**PROBLEM STATEMENT**
Repeat the data that follows verbatim. Images are not part of the copy.

--- RECORDS ---

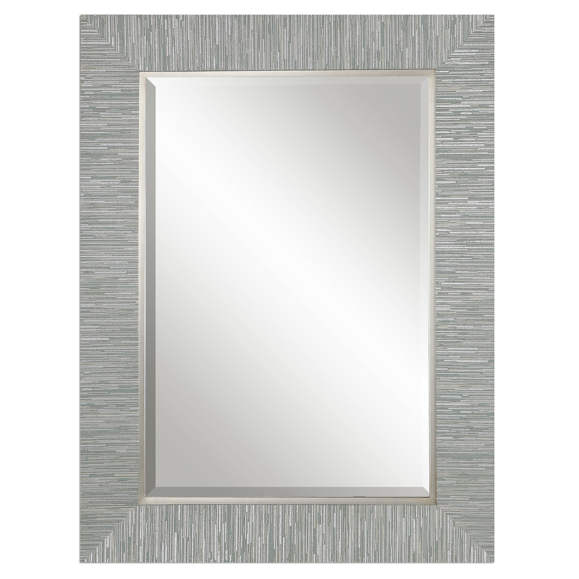 Solid wood frame with a blue-gray and silver striped, textured wrap finish accented with a silver leaf inner lip. Mirror is beveled and may be hung horizontal or vertical. Dimensions - 1.25in Depth x 28in Width x 38in Height. Weight - 18lbs
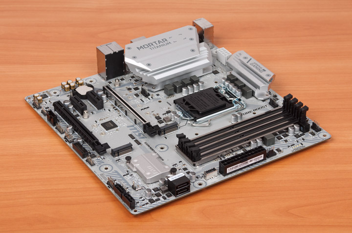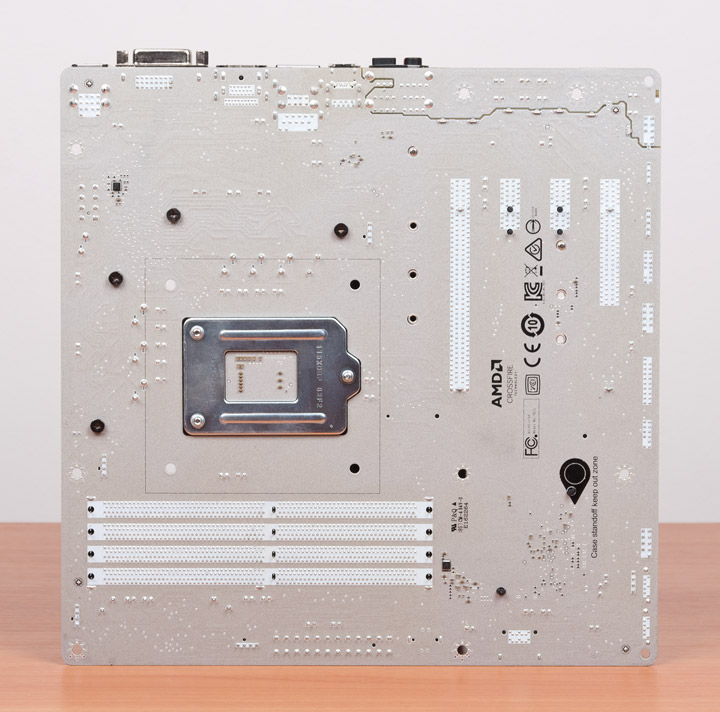 Больше всего выделяется огромный радиатор на силовых элементах, из-за чего даже нет декоративного колпака над портами ввода-вывода. Армировано главное гнездо PCI-E, экранированы слоты оперативной памяти. Размер платы полноценный как для устройства формата mATX, можно воспользоваться восемью крепёжными отверстиями для фиксации положения в корпусе.
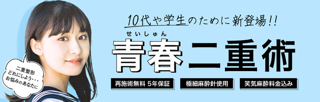 青春二重術はシンプルで低価格な2点留め埋没法に、笑気麻酔と痛みの少ない極細麻酔針オプションがセットになった美容整形初心者でも安心のティーン世代向け二重整形です。
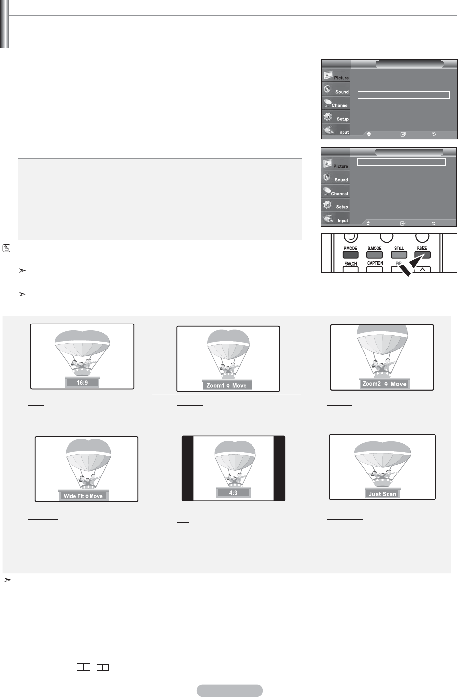 On LCD models that offer picture sizing features, use these controls to view different formats as a full screen picture.
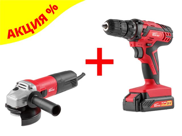 Аккум. дрель-шуруповерт WORTEX BD 2020-1 DLi в чем.+АКЦИЯ AG1210100013 углошлифмашина AG 1210-1 (скидка на комплект 15% + AG1210100013 Одноручная угл
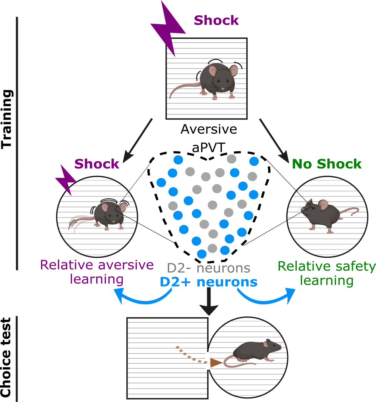 D2⁺, but not D2-, neurons of the anterior paraventricular nucleus of the thalamus are critical for learning relative aversive value and safety to select appropriate value-based choices and defensive behaviors.
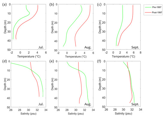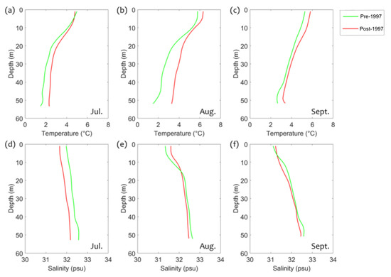 The regional average (a–c) T and (d–f) S profiles of the southern Chukchi shelf from July to September. The green and red lines represent the average values of the pre- and post-1997 periods, respectively.
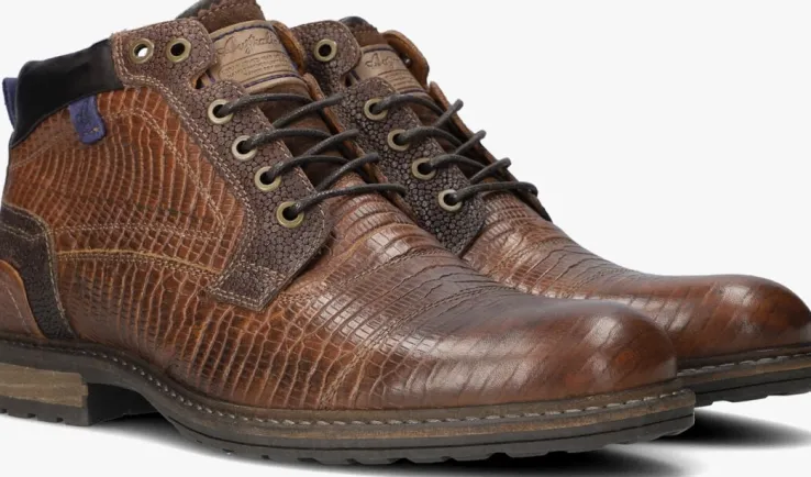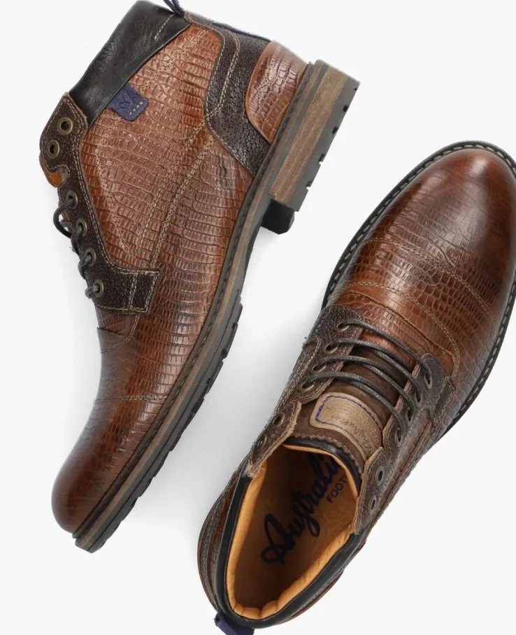 Bruine halfhoge veterboot MONTENEROmet snakeprintvan het merk Australian Footwear. Dit lichtgewicht model is uitgevoerd in glanzend slangenprint leer en heeft een binnenvoering van leer met een uitneembaar voetbed. De gladleren enkelkraagis opgevuld enbiedt ondersteuning en comfort. Opvallend detail is de snakeprint op het bovenwerk en de suède tong met ledermerkembleem. De stoererubberen zool met grof profiel heeft een leren tussenzool en loopt erg comfortabel.
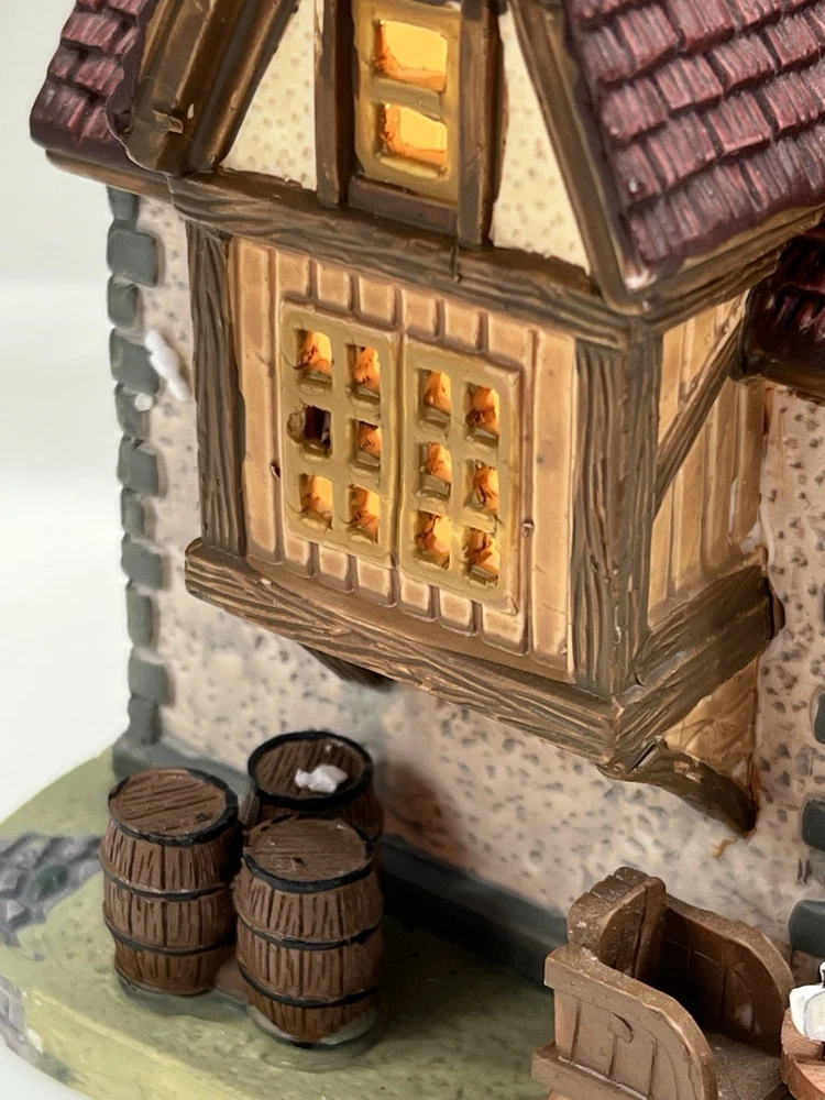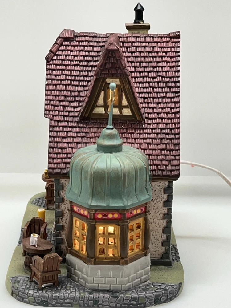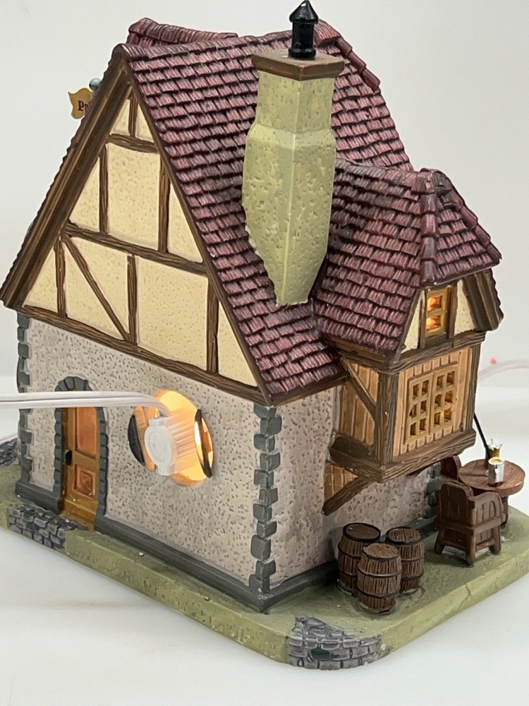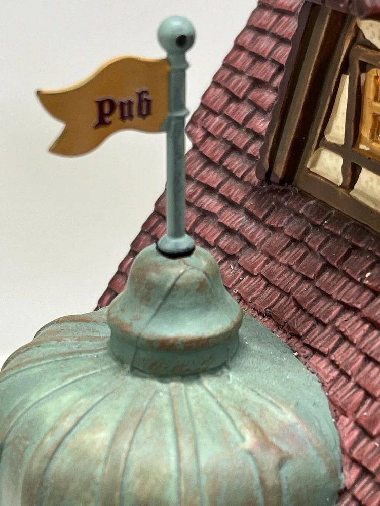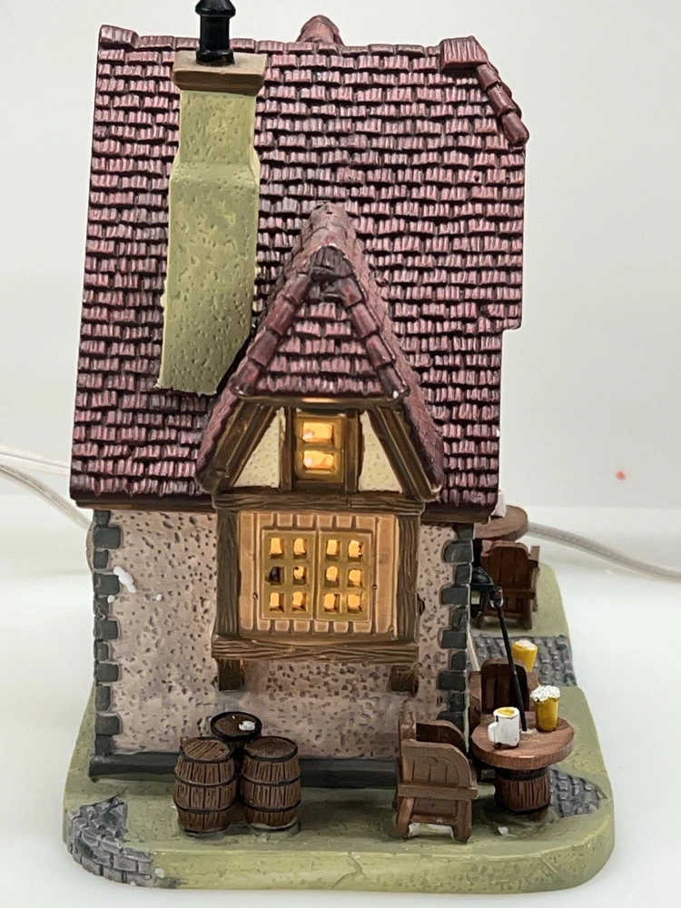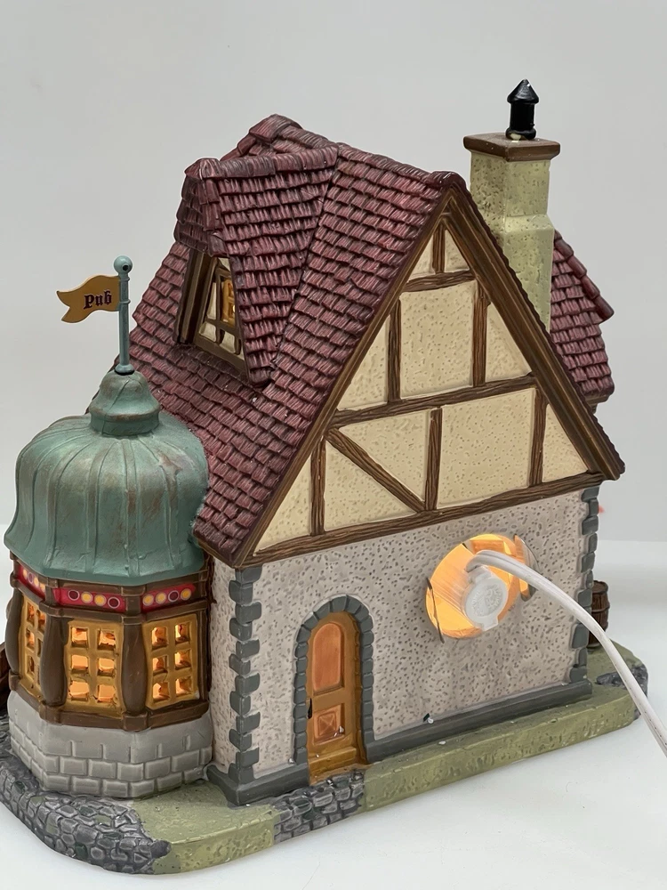 The Lemax Stein Haus Pub from Caddington Village is a medium-sized, hand-painted porcelain building featuring intricate Victorian-era architecture. This lighted Christmas village building is part of the Lemax Caddington Village Holidays & Seasons collection, with a colorful multicolor finish showcasing a beer boot and Bavarian specialty menu. Suitable for village display, this English-style building is perfect for adding a touch of mystery and romance to any room during the holiday season. With easy care instructions and a unique design, this collectible item is a must-have for Christmas decorations. Beautiful piece unfortunately missing umbrella over outside table . Comes with all original packaging including cord & light
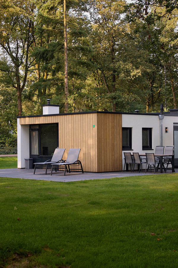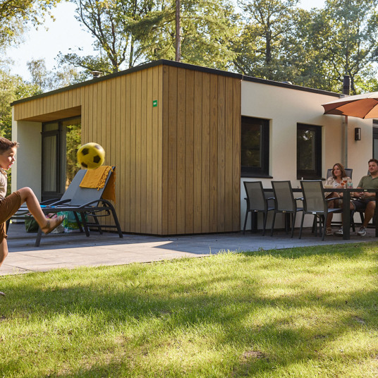 RCN de Flaasbloem's bungalow park is in the middle of the forests of Chaam. The accommodations are available to rent for groups of four to eight people. The biggest can also house two families. Around the centrally located lake, there are several luxury four-room chalets, each with an open kitchen with dishwasher and combination microwave. Two of these chalets have their own terrace next to the lake.
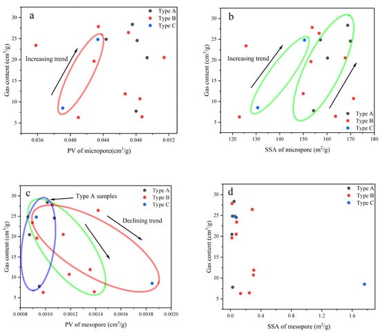 For mesopores, with the increase in the PV of mesopores, the gas content of samples of Type A increases. However, there is an obvious negative correlation trend between the gas contents of Type B and Type C and the PV of mesopores. This suggests that at a low ash content, its impact on mesopores is minimal, allowing an increase in the PV of mesopores to enhance coalbed methane storage capacity. As the ash content increases, its impact on mesopores becomes more pronounced, resulting in gas content being jointly influenced by multiple factors. There is no obvious relationship between the SSA of mesopores and the gas content. At the same time, the SSA of micropores is much larger than that of mesopores, which is the main occurrence location of adsorbed coalbed gas.
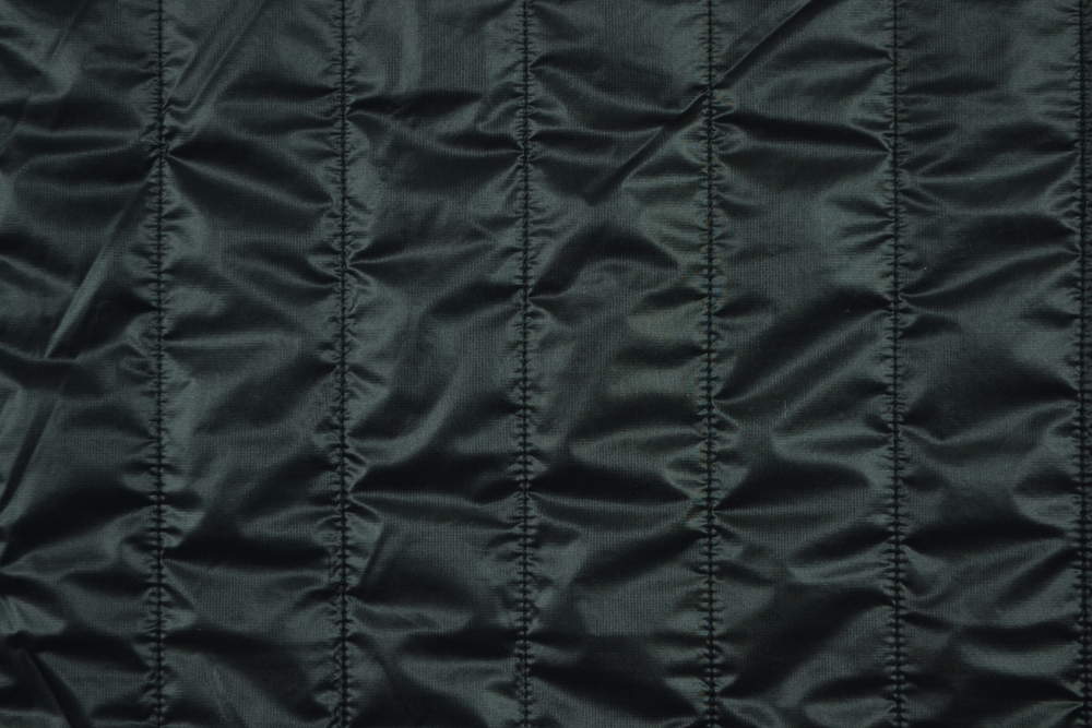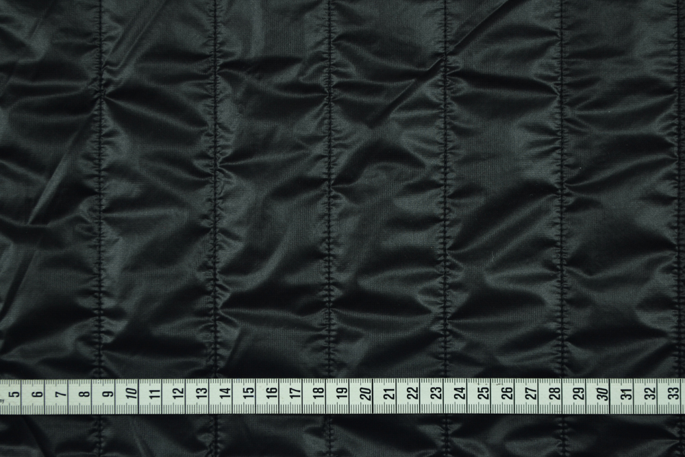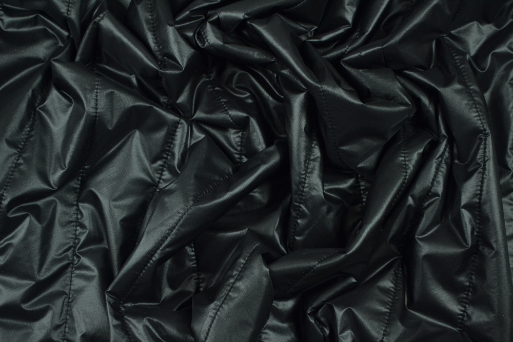 Tessuto idrorepellente trapuntato double face con imbottitura in ovatta di poliestere. Tessuto tecnico ripstop idrorepellente nero da un lato, e tessuto idrorepellente nero dall'altro lato, con trapuntatura a righe di 5 cm. Prodotto di ottima qualità !

---

**REPLY TO THE TASK**
 Solid wood frame with a blue-gray and silver striped, textured wrap finish accented with a silver leaf inner lip. Mirror is beveled and may be hung horizontal or vertical. Dimensions - 1.25in Depth x 28in Width x 38in Height. Weight - 18lbs
 Больше всего выделяется огромный радиатор на силовых элементах, из-за чего даже нет декоративного колпака над портами ввода-вывода. Армировано главное гнездо PCI-E, экранированы слоты оперативной памяти. Размер платы полноценный как для устройства формата mATX, можно воспользоваться восемью крепёжными отверстиями для фиксации положения в корпусе.
 青春二重術はシンプルで低価格な2点留め埋没法に、笑気麻酔と痛みの少ない極細麻酔針オプションがセットになった美容整形初心者でも安心のティーン世代向け二重整形です。
 On LCD models that offer picture sizing features, use these controls to view different formats as a full screen picture.
 Аккум. дрель-шуруповерт WORTEX BD 2020-1 DLi в чем.+АКЦИЯ AG1210100013 углошлифмашина AG 1210-1 (скидка на комплект 15% + AG1210100013 Одноручная угл
 D2⁺, but not D2-, neurons of the anterior paraventricular nucleus of the thalamus are critical for learning relative aversive value and safety to select appropriate value-based choices and defensive behaviors.
 The regional average (a–c) T and (d–f) S profiles of the southern Chukchi shelf from July to September. The green and red lines represent the average values of the pre- and post-1997 periods, respectively.
 Bruine halfhoge veterboot MONTENEROmet snakeprintvan het merk Australian Footwear. Dit lichtgewicht model is uitgevoerd in glanzend slangenprint leer en heeft een binnenvoering van leer met een uitneembaar voetbed. De gladleren enkelkraagis opgevuld enbiedt ondersteuning en comfort. Opvallend detail is de snakeprint op het bovenwerk en de suède tong met ledermerkembleem. De stoererubberen zool met grof profiel heeft een leren tussenzool en loopt erg comfortabel.
 The Lemax Stein Haus Pub from Caddington Village is a medium-sized, hand-painted porcelain building featuring intricate Victorian-era architecture. This lighted Christmas village building is part of the Lemax Caddington Village Holidays & Seasons collection, with a colorful multicolor finish showcasing a beer boot and Bavarian specialty menu. Suitable for village display, this English-style building is perfect for adding a touch of mystery and romance to any room during the holiday season. With easy care instructions and a unique design, this collectible item is a must-have for Christmas decorations. Beautiful piece unfortunately missing umbrella over outside table . Comes with all original packaging including cord & light
 RCN de Flaasbloem's bungalow park is in the middle of the forests of Chaam. The accommodations are available to rent for groups of four to eight people. The biggest can also house two families. Around the centrally located lake, there are several luxury four-room chalets, each with an open kitchen with dishwasher and combination microwave. Two of these chalets have their own terrace next to the lake.
 For mesopores, with the increase in the PV of mesopores, the gas content of samples of Type A increases. However, there is an obvious negative correlation trend between the gas contents of Type B and Type C and the PV of mesopores. This suggests that at a low ash content, its impact on mesopores is minimal, allowing an increase in the PV of mesopores to enhance coalbed methane storage capacity. As the ash content increases, its impact on mesopores becomes more pronounced, resulting in gas content being jointly influenced by multiple factors. There is no obvious relationship between the SSA of mesopores and the gas content. At the same time, the SSA of micropores is much larger than that of mesopores, which is the main occurrence location of adsorbed coalbed gas.
 Tessuto idrorepellente trapuntato double face con imbottitura in ovatta di poliestere. Tessuto tecnico ripstop idrorepellente nero da un lato, e tessuto idrorepellente nero dall'altro lato, con trapuntatura a righe di 5 cm. Prodotto di ottima qualità !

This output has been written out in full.